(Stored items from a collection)
================================

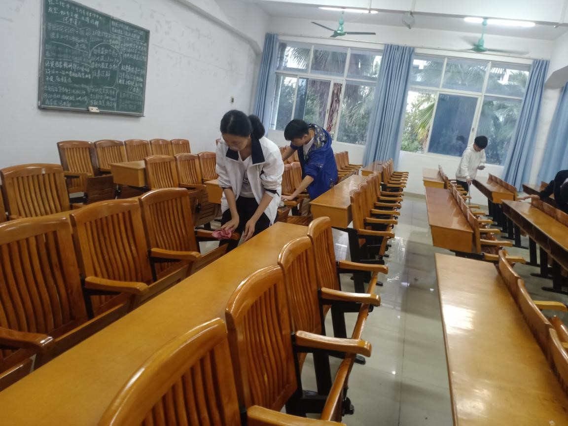 在活动中,入党积极分子们自带清洁工具准时到达自己要打扫的课室。他们分工合作、互相配合,有的清扫地面,有的收拾讲台、擦黑板,有的清理抽屉里遗留的垃圾,有的擦课桌、椅子……学生们热情高涨,以劳动为荣,充分展现了园艺学生党支部入党积极分子不怕脏、不怕苦、不怕累的服务精神,把“全心全意为人民服务”的根本宗旨落实到实际行动中,以优秀党员为榜样,向优秀党员学习,时刻发挥先锋模范带头作用。在大家齐心协力的合作下,终于将教室打扫的干干净净,得到了同学们的夸赞。
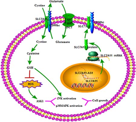 Figure 11: The role of the SLC7A11-AS1–SC7A11 model interacts in tumor development. Decreased expression of SLC7A11-AS1 is increases GSH levels within cells by up-regulating SLC7A11 expression. The resultant increase in cellular GSH levels activates ASK1-p38MAPK/JNK signaling in cancer cells, thereby promoting tumor development. ASCT, system ASC glutamine transporter.
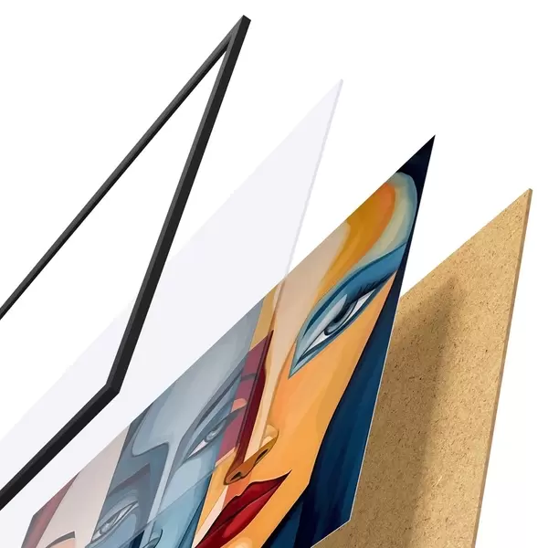 El póster consta de marco, plexiglás, imagen impresa y soporte de aglomerado. El póster puede colgarse inmediatamente en la pared gracias a los soportes de la parte posterior.
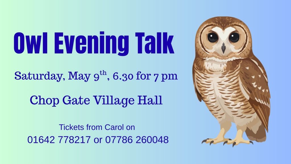 Looking forward to next month, there will be a talk at Chop Gate Village Hall all about owls. Saturday, May 9th, 6.30 for 7.00 pm. You can buy tickets from Carol on 01642 778217.
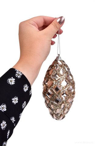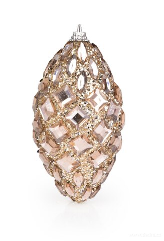 3 ks ozdobných šišek bohatě zdobených flitry a kamínky v platinové barvě, průměr cca 5,5 cm, výška 11 cm.
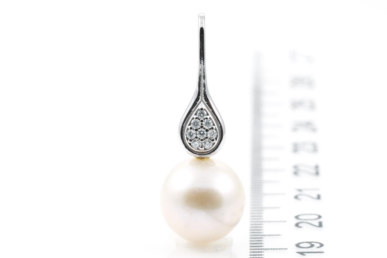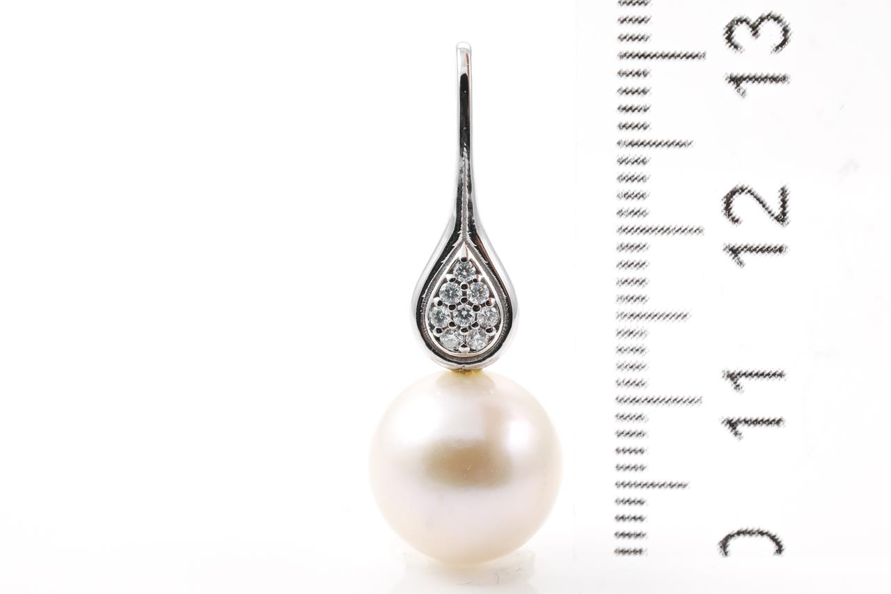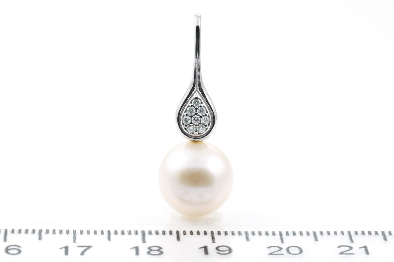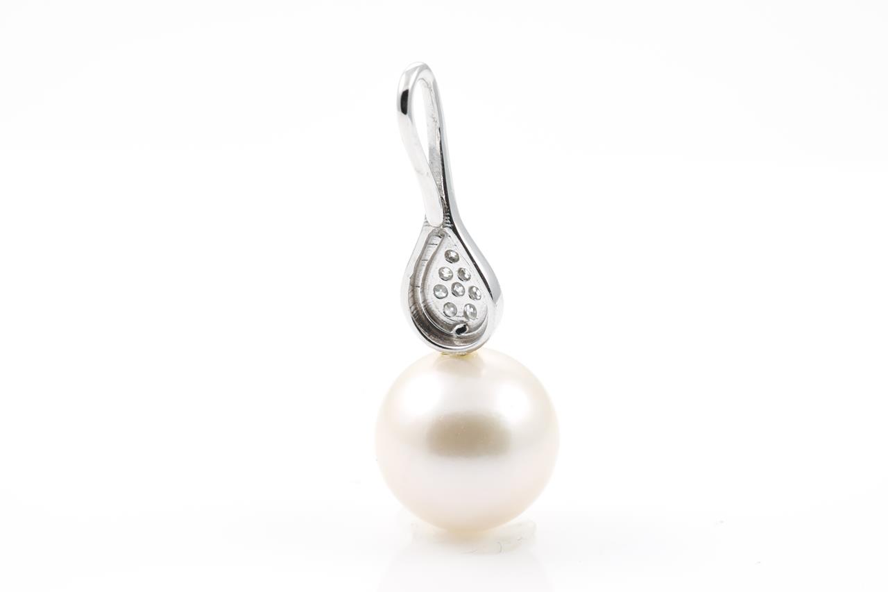 Pearl and Diamond Pendant with round cultured Pearl of 11.2mm and round Diamonds totalling approximately 0.10cts. 18ct white gold. Weight 2.9g. (Pre-owned)
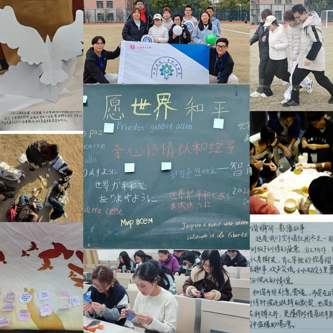 “牵心传情,以和绘景”主题活动以“趣味情报传递”游戏开场,同学们用肢体语言传递和平寄语,在欢笑中培养默契。“和平知识抢答”环节中,大家用多国语言说出“和平”——“Peace”“Paix”“Frieden”“Pace” ……不同语言承载着同样的真挚情感。在“忆幸福”环节,同学们分享生活中的温暖瞬间,体会到和平就蕴藏在身边的善意与理解之中。活动尾声,一只只千纸鹤承载期许,一张张心愿便签拼贴成爱心,象征着对和平的坚定守护。
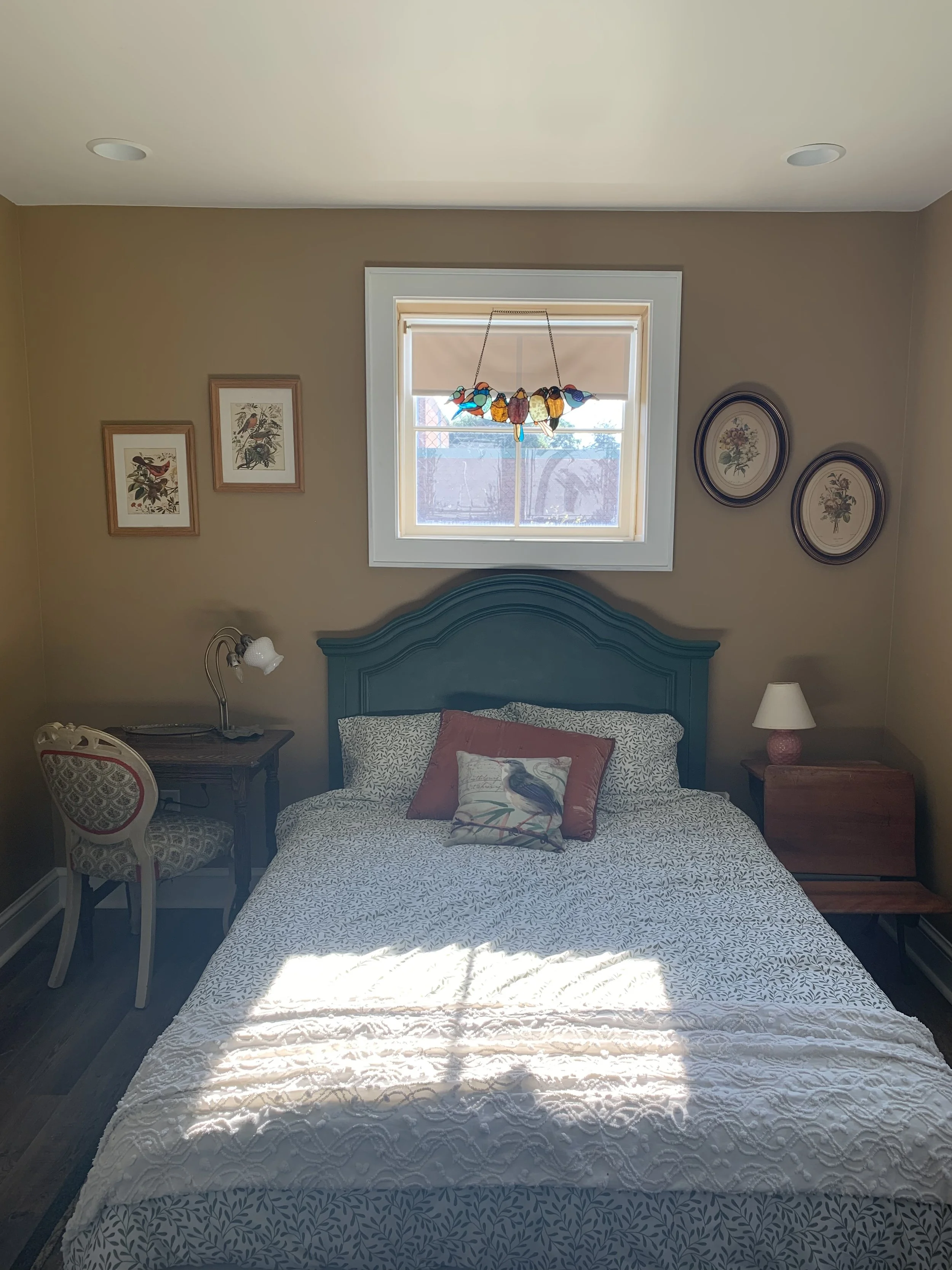 The squirrel room is a bit smaller, so I found a small dresser from the Restore. I might paint it, but I don’t mind the dings, it gives it personality. Most of the art we had collected through the years. My friend Elysia made the wall hanging for us years ago. It has been up in many spaces, the colors are great. One of my big conundrums with this room is the window placement. Since it was not centered over the bed, I decided to put up the wall shelf, to add balance.
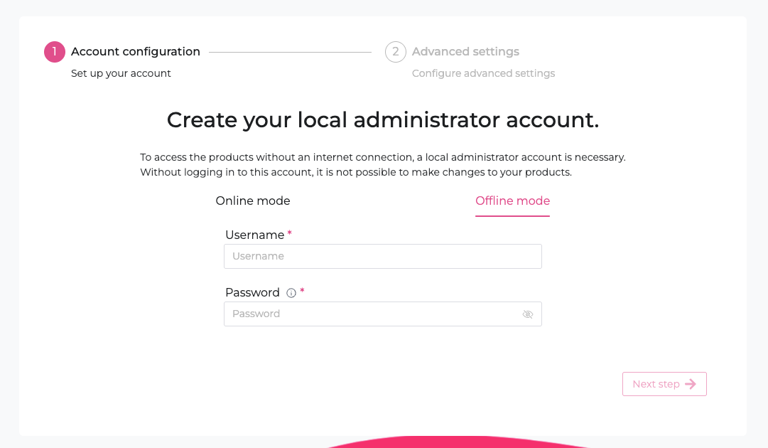 To access the products without an internet connection, an administrator account is necessary. Without logging in to this account, it is not possible to make changes to your products. Store the credentials to this account somewhere securely.&#x20;
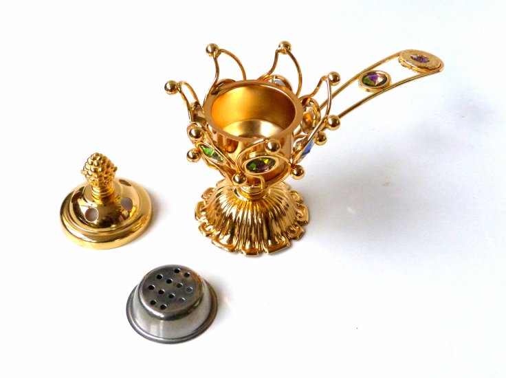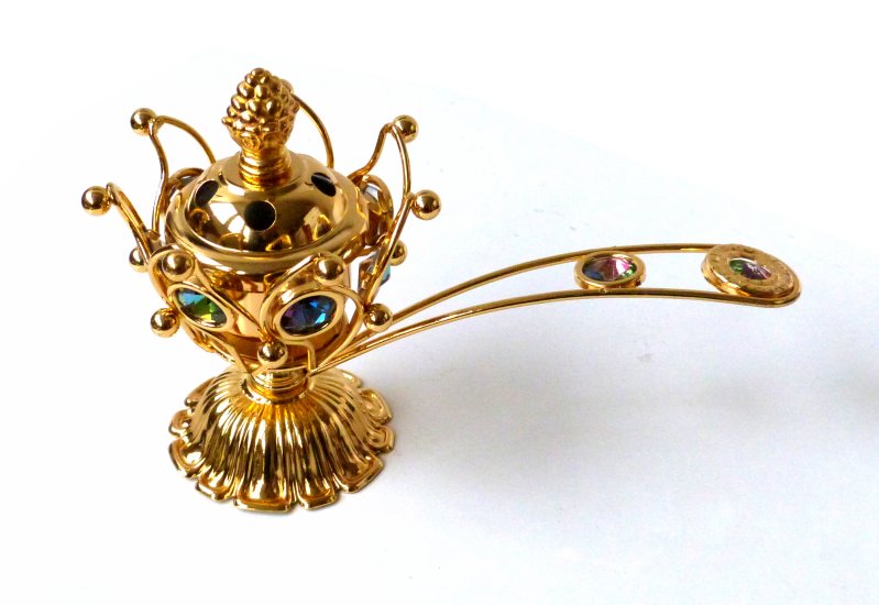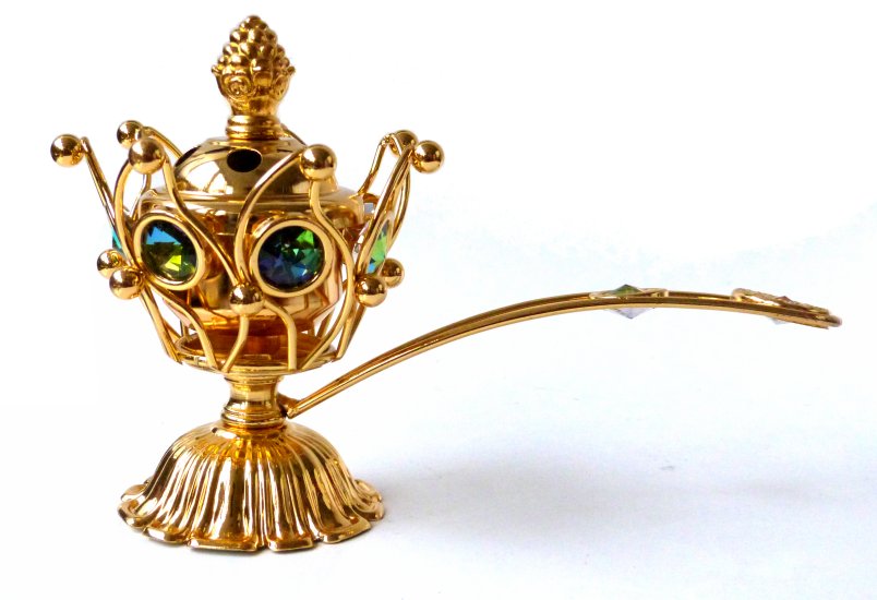 Bel objet décoratif avec gros diamants... Cet encensoir métallique doré possède une poignée pour le transporter aisément pendant qu'il est allumé.

================================

Assignment:
Retype the line containing "El póster consta" and each line after it through the last line of the entries above, exactly, with no pictures and nothing else.

Response below:
 El póster consta de marco, plexiglás, imagen impresa y soporte de aglomerado. El póster puede colgarse inmediatamente en la pared gracias a los soportes de la parte posterior.
 Looking forward to next month, there will be a talk at Chop Gate Village Hall all about owls. Saturday, May 9th, 6.30 for 7.00 pm. You can buy tickets from Carol on 01642 778217.
 3 ks ozdobných šišek bohatě zdobených flitry a kamínky v platinové barvě, průměr cca 5,5 cm, výška 11 cm.
 Pearl and Diamond Pendant with round cultured Pearl of 11.2mm and round Diamonds totalling approximately 0.10cts. 18ct white gold. Weight 2.9g. (Pre-owned)
 “牵心传情,以和绘景”主题活动以“趣味情报传递”游戏开场,同学们用肢体语言传递和平寄语,在欢笑中培养默契。“和平知识抢答”环节中,大家用多国语言说出“和平”——“Peace”“Paix”“Frieden”“Pace” ……不同语言承载着同样的真挚情感。在“忆幸福”环节,同学们分享生活中的温暖瞬间,体会到和平就蕴藏在身边的善意与理解之中。活动尾声,一只只千纸鹤承载期许,一张张心愿便签拼贴成爱心,象征着对和平的坚定守护。
 The squirrel room is a bit smaller, so I found a small dresser from the Restore. I might paint it, but I don’t mind the dings, it gives it personality. Most of the art we had collected through the years. My friend Elysia made the wall hanging for us years ago. It has been up in many spaces, the colors are great. One of my big conundrums with this room is the window placement. Since it was not centered over the bed, I decided to put up the wall shelf, to add balance.
 To access the products without an internet connection, an administrator account is necessary. Without logging in to this account, it is not possible to make changes to your products. Store the credentials to this account somewhere securely.&#x20;
 Bel objet décoratif avec gros diamants... Cet encensoir métallique doré possède une poignée pour le transporter aisément pendant qu'il est allumé.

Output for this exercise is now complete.